Tim O’Reilly was recently quoted as saying that collective intelligence is the innovation that will most alter how we live in the next few years. What do you think?

Collective intelligence existed before humans could speak (or tag). The waggle dance of honeybees is all about the wisdom of the crowd (and finding the best food). So is gossip. So is the stock market. But I agree with Tim that the Web (or Web 2.0 if you prefer) is spreading the hive mind into far more nooks and crannies than we could have imagined only a few years ago. So get ready to be found. Collective intelligence is coming to a niche near you.

Thanks, Peter!

October 16, 2005

IA Summit call for papers

The Information Architecture Summit call for papers was released a few weeks ago. The deadline is October 31 for session proposals, and December 5 for posters. In addition to the regular presentations and panels there will be a research track this year.

If you’re doing interesting work with tagging and folksonomies, consider submitting something. The summit is March 23 to 27, 2006 in Vancouver, Canada.

September 27, 2005

Rashmi Sinha on the cognitive process behind tagging

Rashmi Sinha has posted an interesting hypothesis on the cognitive psychology behind tagging (with easy illustrations for those of us who don’t remember psych class): A cognitive analysis of tagging (or how the lower cognitive cost of tagging makes it popular).

September 16, 2005

Ian Davis on Why Tagging Is Expensive

Last week Ian Davis wrote an interesting post on Why Tagging is Expensive:

On the surface tagging seems to offer a new paradigm of organising information, one that reduces the cost of entry and so enables a long tail of participation to emerge. I’ve come to realise that the cost isn’t removed, instead it’s displaced and possibly increased.
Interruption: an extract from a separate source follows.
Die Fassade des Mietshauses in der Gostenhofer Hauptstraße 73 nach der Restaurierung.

Tagging bulldozes the cost of classification and piles it onto the price of discovery.

There’s a saying I’ve heard once or twice (I wish I could attribute it): “The cost of metadata is in its application, but the value of metadata is in its use.”

Not exactly something you’ll be quoting at dinner parties, but it nicely captures the cost/benefit gaps of metadata.
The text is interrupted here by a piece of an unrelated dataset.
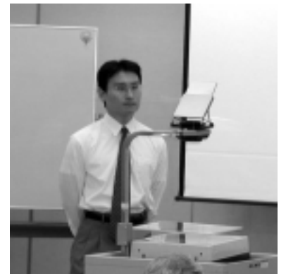
真剣な面持ちで壇上に立つ中山事務局長
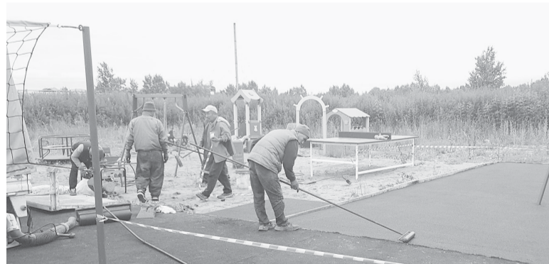
► Спортивную площадку в Лиственничном построили в несколько этапов

The arguments against professional classification (including Clay’s views on tagging) have almost always worked on the cost side of the equation. Automated indexing, search and now tagging are seen as ways drive down classification costs. But as Davis explains, classification costs are only one part of the system:

In my view the total cost of an information retrieval system is the cost of classification plus the cost of discovery. In the formal classification world you have a very small number of people incurring a high cost in order to reduce the costs incurred by a very large number of people. In contrast the tagging world has the unit costs reversed: it’s cheap to classify, expensive to find. But the numbers of people involved are large in both cases so you end up with a lot of people paying a tiny cost to classify added to a lot of people paying a high price to discover. I think it’s pretty likely that the total cost is going to end up much higher than in the classification scenario.

Here’s an analogy. I visit a lot of thrift stores. The true cost of an item in a thrift store is a function of the time it takes me to find it, not the price (which is always cheap). A very large thrift store is more likely to have what I want, but at a greater discovery cost. Like del.icio.us, a thrift store is great for serendipitous discovery but not so good for known item retrieval. Put another way, del.icio.us wouldn’t be your first choice if you needed articles on Rousseau and the French Revolution, just like the Sally Ann wouldn’t be your first choice if you needed a smoking jacket, size 42T.

Where I think Davis might be wrong is suggesting that the discovery costs are shifted back to the user. In fact, the costs are shifted to search, blogs and other more efficient discovery tools. In large part this is because the domain of tagging systems has been the “big messy” web.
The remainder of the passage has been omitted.